ACTIVITY -
Every line of the material below that contains the string "with" must appear in the answer.

RECORD EXCERPTS -
########
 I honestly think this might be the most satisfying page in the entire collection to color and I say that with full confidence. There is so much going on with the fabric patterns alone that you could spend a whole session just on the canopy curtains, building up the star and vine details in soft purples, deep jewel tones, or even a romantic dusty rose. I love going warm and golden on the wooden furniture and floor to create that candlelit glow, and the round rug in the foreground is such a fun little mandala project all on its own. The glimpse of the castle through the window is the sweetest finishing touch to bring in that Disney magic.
########
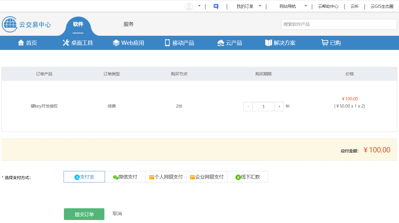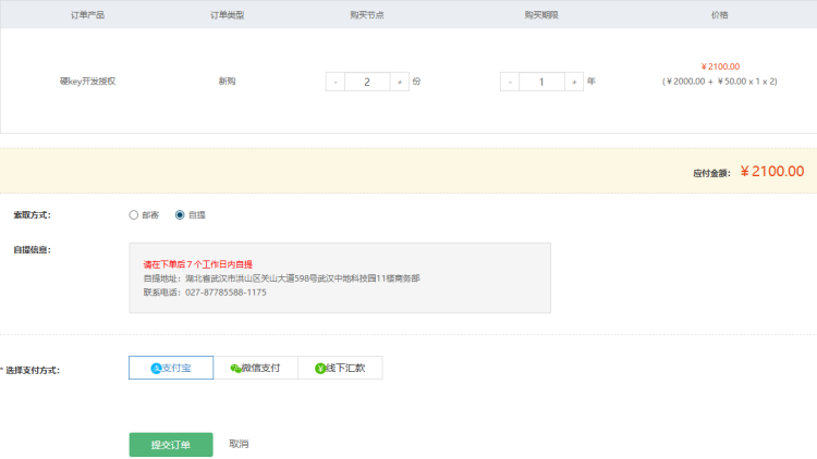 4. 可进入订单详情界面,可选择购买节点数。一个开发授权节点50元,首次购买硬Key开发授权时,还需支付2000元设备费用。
########
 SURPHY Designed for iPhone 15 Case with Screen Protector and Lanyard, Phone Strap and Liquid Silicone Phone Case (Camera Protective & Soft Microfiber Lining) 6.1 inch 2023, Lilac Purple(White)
########
SOLUTION FOR THIS EXERCISE -
 I honestly think this might be the most satisfying page in the entire collection to color and I say that with full confidence. There is so much going on with the fabric patterns alone that you could spend a whole session just on the canopy curtains, building up the star and vine details in soft purples, deep jewel tones, or even a romantic dusty rose. I love going warm and golden on the wooden furniture and floor to create that candlelit glow, and the round rug in the foreground is such a fun little mandala project all on its own. The glimpse of the castle through the window is the sweetest finishing touch to bring in that Disney magic.
 SURPHY Designed for iPhone 15 Case with Screen Protector and Lanyard, Phone Strap and Liquid Silicone Phone Case (Camera Protective & Soft Microfiber Lining) 6.1 inch 2023, Lilac Purple(White)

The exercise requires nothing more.